2007-12-23 08:30:52 · 4 answers · asked by Anonymous in Science & Mathematics Biology

4 answers

Yes it is photosynthesis. Photosynthesis of vitamin D in the skin is how it is referred to in all journal articles.
http://www.ncbi.nlm.nih.gov/sites/entrez?db=pubmed&uid=3030826&cmd=showdetailview&indexed=google
http://www.photobiology.com/reviews/previtamin/index.html
"The skin has been recognized as the site for the sun-mediated photosynthesis of vitamin D3 until recently, however, very little was known about either the sequence of events leading to the formation of vitamin D3 in human skin or the factors that regulate the synthesis of this hormone."
http://www.nature.com/jid/journal/v77/n1/abs/5615643a.html
Melanin reaction is an energy synthesis in fungi
http://en.wikipedia.org/wiki/Radiotrophic_fungus
Dr Dadachova of Albert Einstein College of Medicine says "It's pure speculation but not outside the realm of possibility that melanin could be providing energy to skin cells..."
http://www.treehugger.com/files/2007/05/radiation-loving_shrooms.php

Photoelectrochemical properties of melanin
"Melanin is to the animal kingdom like chlorophyll to the vegetal kingdom. Melanin collects energy from lower-energy radiation sources, kicks electrons into excited states, initiating a process that would end up producing chemical energy, similar to the way in which photosynthesis supplies energy to plants. However, the precise roles of melanin during this process are unknown. Here we show that the increase in the electron-transfer properties of melanin is independent of the energy of the incident photons. We found in controlled in vivo assays that melanin has the remarkable capability of converting lower-energy radiation towards a more useful form of energy." Quoted from Dr Arturo Solis-Herrera's prepublication document.
Artificial photosynthesis is studying melanin as a basis for structure-function-relationships in photoconductivety.
http://books.google.com/books?id=-3ZJb4ft4G0C&pg=PA58&lpg=PA58&dq=photosynthesis+melanin&source=web&ots=SC2dXEAG9Y&sig=HhcuU46-IrSJN9XOCplhesCRKNs#PPA57,M1

Photobiology & photochemistry is a research field looking at the interactions of light and organisms. This can cover more than synthesis as bioluminescence, photoperiodism, photomorphology, and vision also come under this field.
American Society for Photobiology
http://www.pol-us.net/ASP_Home/index.html
http://www.pol-us.net/
http://www.blackwellpublishing.com/journal.asp?ref=0031-8655

2007-12-23 09:23:11 · answer #1 · answered by gardengallivant 7 · 0 0

The term photosynthesis is reserved for those organisms using excited photons to create chemical energy in the form of ATP. It is a specific biochemical pathway. Although you are correct that we can derive certain vitamins from sunlight, these are considered cofactors and not high energy molecules like ATP.

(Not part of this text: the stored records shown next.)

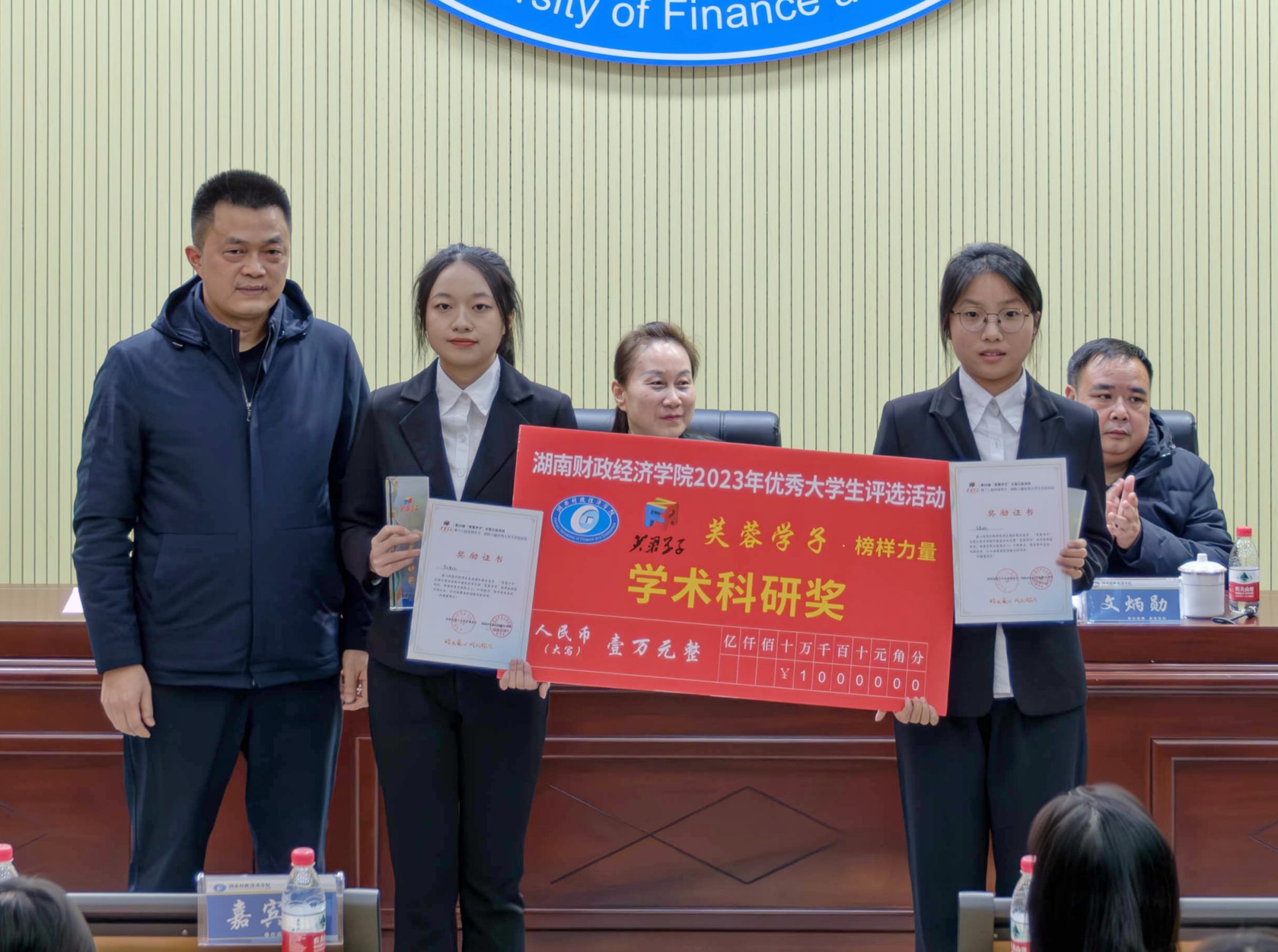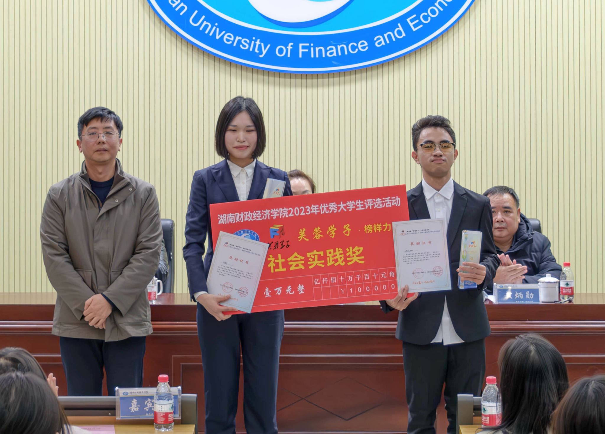 文炳勋宣读了《关于表彰第十八届“芙蓉学子·榜样力量”优秀个人(团队)的决定》。人文与艺术学院赖雨汀和法学与公共管理学院周超荣获芙蓉学子·道德风尚奖,财政金融学院曾依琳和工商管理学院黄关超荣获芙蓉学子·自强不息奖,外国语学院何银和陈宇璐荣获芙蓉学子·公益行动奖,小易志愿服务队和法学与公共管理学院刘清华荣获芙蓉学子·社会实践奖,学术梦之队和亲慕团队荣获芙蓉学子·学术科研奖。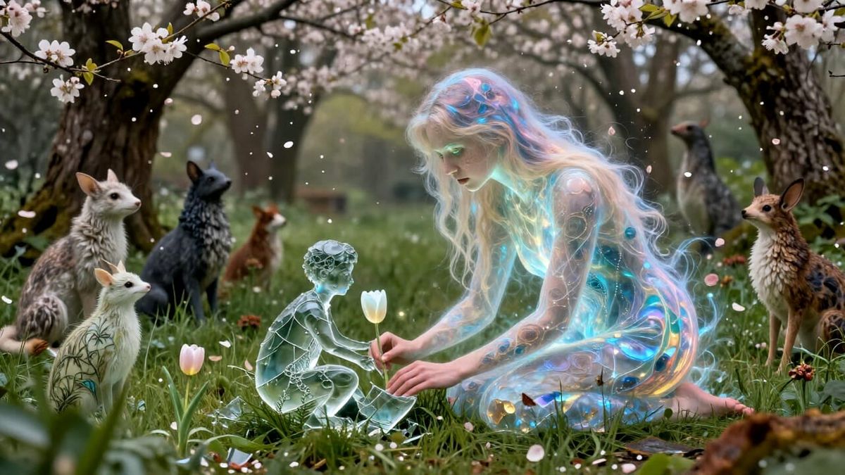 This image features a woman and man amidst liquid opal, with energy lines of dots and falling flower petals. It captures a surreal, dreamlike scene with inspiration from natural forms and delicate art styles.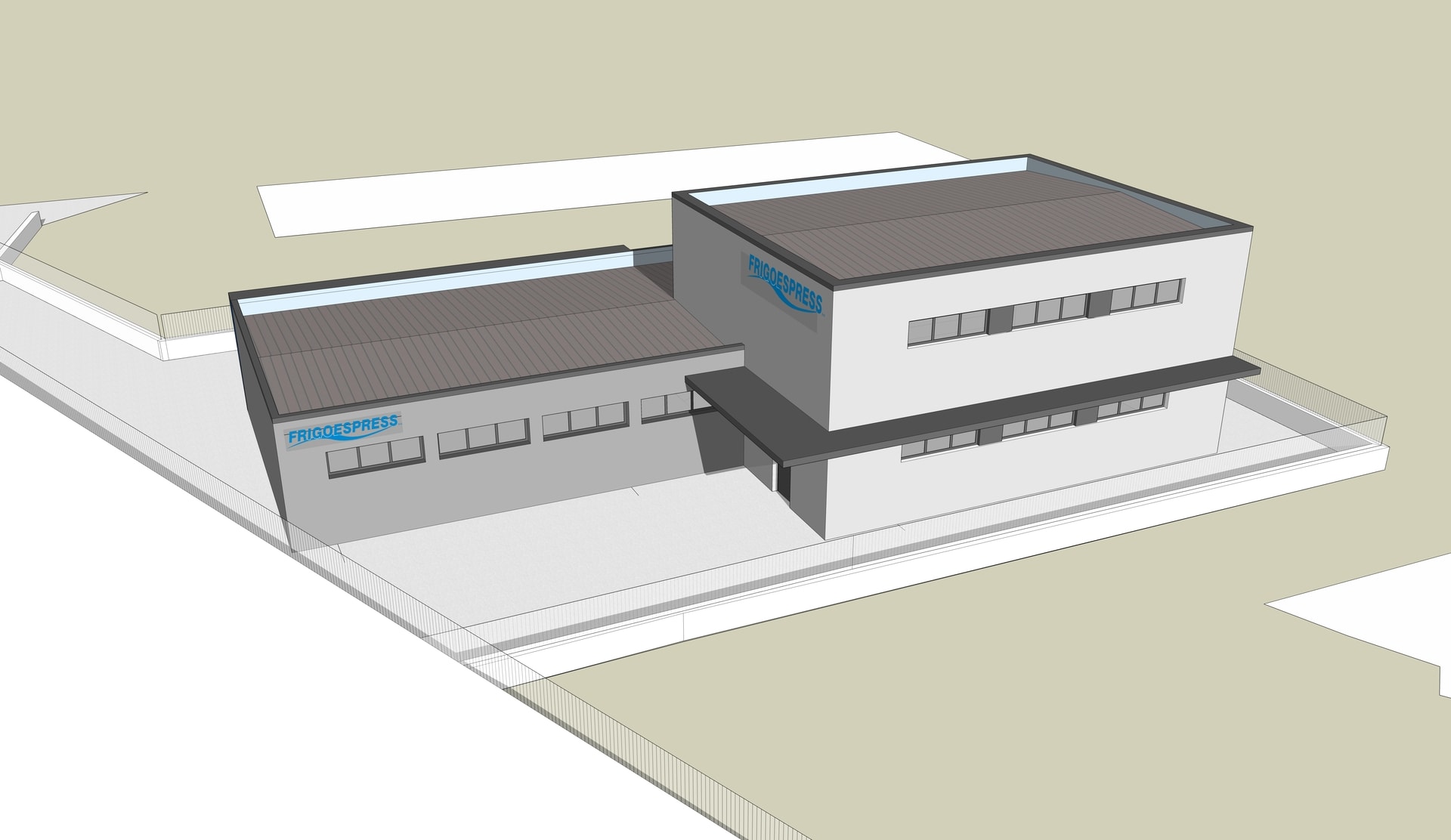 L’intervento prevedeva la realizzazione di un nuovo capannone per lo sviluppo di tecnologie industriali relative a celle frigo e refrigeratori. L’edificio è collocato nel contesto industriale della città di Trento ed è stato realizzato come due volumi incastrati, uno dedicato allo stoccaggio della produzione ed uno, realizzato a due piani per l’esposizione dei prodotti. I prospetti sono caratterizzati dall’uso di finestre a nastro, con il fronte sud che ospita l’ingresso principale ed il fronte ovest dove vengono caricate e scaricate le merci. L’edificio presenta una copertura leggermente inclinata, oscurata grazie alla realizzazione di un muretto perimetrale, che fa percepire il tetto come se fosse piano. L’edificio è molto compatto e ciò permette di risparmiare sui costi energetici.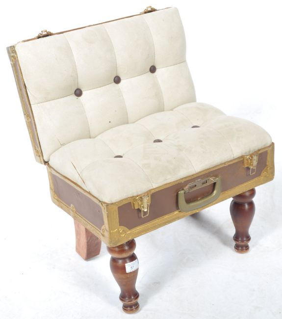 An unusual contemporary small child's seat / low bedroom chair in the form of a suitcase / chest having a upholstered button back backrest and seat rest. The case finished in brown with gilt detailing, all raised on turned legs. Measures 55cm x 47cm x 40cm.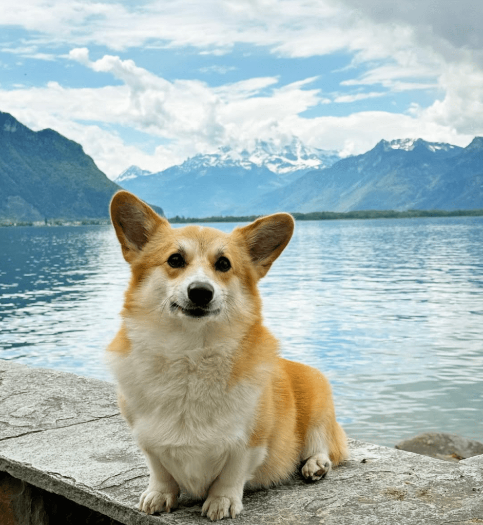 For the record, I really suck at taking pictures at events (totally not meant to be an influencer) as I like to “be in the moment” but also maybe because I am busy chasing after my child, so here’s a picture of my dog, Oslo, in Montreux along the lake to really sell this view!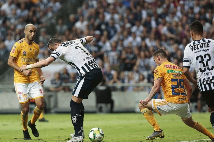 Tigres de la UANL se mantuvo en la cima de la clasificación general del Torneo Clausura 2019 de la Liga MX, al empatar 1-1 en la edición 118 de "clásico regiomontano" ante Rayados de Monterrey.Los goles del encuentro, de la décima jornada, fueron conseguidos por el argentino Rogelio Funes Mori al minuto 33 por los de casa y el colombiano Luis Quiñones al 80, por los visitantes. Con este resultado, los felinos llegaron a 23 puntos y los locales a 22.El encuentro comenzó con un buen ritmo, con ambos equipos en busca de apoderarse de las acciones en el medio campo, pero sin claridad.Los locales intentaron ponerse al frente en el marcador, pero se enfrentaron a un visitante bien parado en el terreno de juego, que logró contener los intentos del cuadro dirigido por el estratega uruguayo Diego Alonso. Tigres tuvo la primera de peligro cuando el colombiano Luis Quiñones llegó por el lado derecho, desde donde centró al área y ahí apareció el delantero chileno Eduardo Vargas, quien falló y mandó la pelota por encima del travesaño.Ante ello, los de casa respondieron y el argentino Rogelio Funes Mori recibió centro desde el sector izquierdo, disparó, pero el guardameta argentino Nahuel Guzmán estuvo atento para rechazar el esférico.Los felinos fueron los más insistentes y tuvieron arribos a través del ecuatoriano Enner Valencia y del colombiano Julián Quiñones, pero todo quedó en susto para los de casa.Pocas habían sido las opciones conseguidas por los de casa, pero a los 33 minutos Funes Mori recibió centro de Jesús Gallardo y de espaldas al marco tiró de taquito para mandar la pelota a las redes y así cayó el 1-0, por lo que así se fueron al descanso.Para la parte complementaria, el cotejo continuó con un buen ritmo, con unos felinos insistentes ante la portería defendida por el guardameta Marcelo Barovero, pero no podían igualar.Tigres obligó a Monterrey a replegar sus líneas, pero no podían generar verdadero peligro, mientras los de casa seguían sin inquietar en demasía a Nahuel Guzmán.Los felinos siguieron en la lucha por hacerse presentes en el marcador y fue a los 80 minutos cuando el colombiano Luis Quiñones llegó por izquierda y sacó tiro a primer poste para lograr el 1-1.Después de ello, el marcador ya no se movió pese a los intentos de ambos equipos y a final de cuentas se llevaron un punto cada uno en el cotejo de la décima fecha.El árbitro del encuentro fue César Arturo Ramos, quien amonestó a Dorlan Pabón, Rogelio Funes Mori, Nicolás Sánchez y César Montes, de Rayados, y a Francisco Meza, Luis Quiñones y Guido Pizarro, de Tigres.El Clásico Regio es uno de los encuentros que más pasiones levanta en el futbol mexicano, tan así, que hasta los jugadores se involucran intensamente antes, durante y después del encuentro que paraliza a la Sultana del Norte.Al menos ese es el caso del defensa tapatío y jugador de Tigres Carlos Salcedo, quien se enganchó con la afición de Rayados al término del encuentro de anoche en la casa del Monterrey.Instantes después de que el central César Arturo Ramos decretó el final del encuentro, el portero felino, Nahuel Guzmán comenzó a aplaudir por el punto que logró rescatar su equipo, sin embargo eso no le pareció a una porción de la parcialidad albiazul, que comenzó a aventar vasos en dirección al guardameta.En respuesta a la afrenta, Salcedo reprobó las actitudes de la fanaticada rayada acercándose hacia su portero para después hacer una seña obscena en dirección al sitio del cual provenían los proyectiles.El gesto fue captado por algunas cámaras de televisión y fotógrafos que aún se encontraban en la cancha, por lo que se podría esperar alguna queja de parte de Rayados para que la Comisión Disciplinaria investigue los hechos y decida determinar si el central de los felinos es acreedor o no a una sanción. JM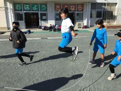 月曜日の学級活動で、なわとびの練習をしました。チームで協力をして練習しました。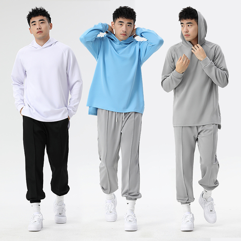 Outdoor semplice sport 2 pezzi set da corsa pantaloni con cappuccio da uomo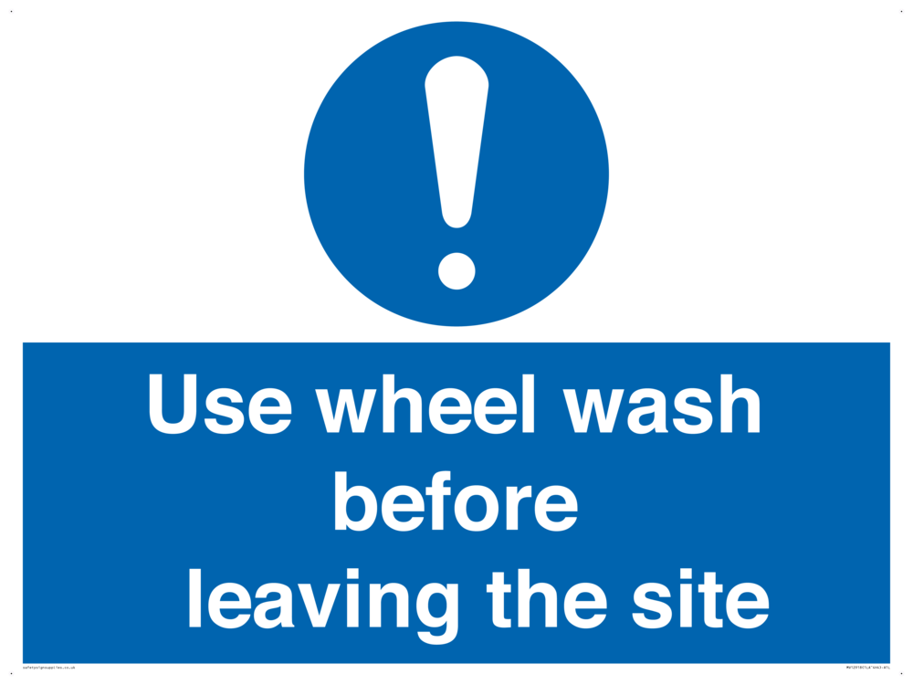 Sign Text: Use wheel wash before leaving the site
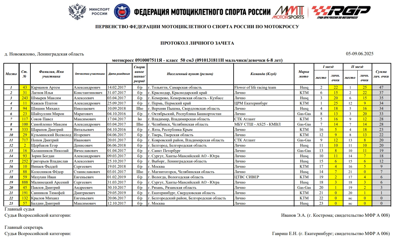 В классе 50сс (Первенство МФР) по итогам двух заездов победителем и обладателем «холшот» стал Артем Карманов (стартовый номер 43).

2007-12-23 09:09:29 · answer #2 · answered by Anonymous · 0 1

Despite gardengallivant's obvious expertise in botany, mammals don't derive energy from light. As was mentioned elsewhere, ATP production, the creation of usable energy for metabolism, is only gotten at for mammals through digestion.

You have to look deeper at what 'Chemical energy' means. Although not all plants are photosynthetic, all mammals are heterotrophic.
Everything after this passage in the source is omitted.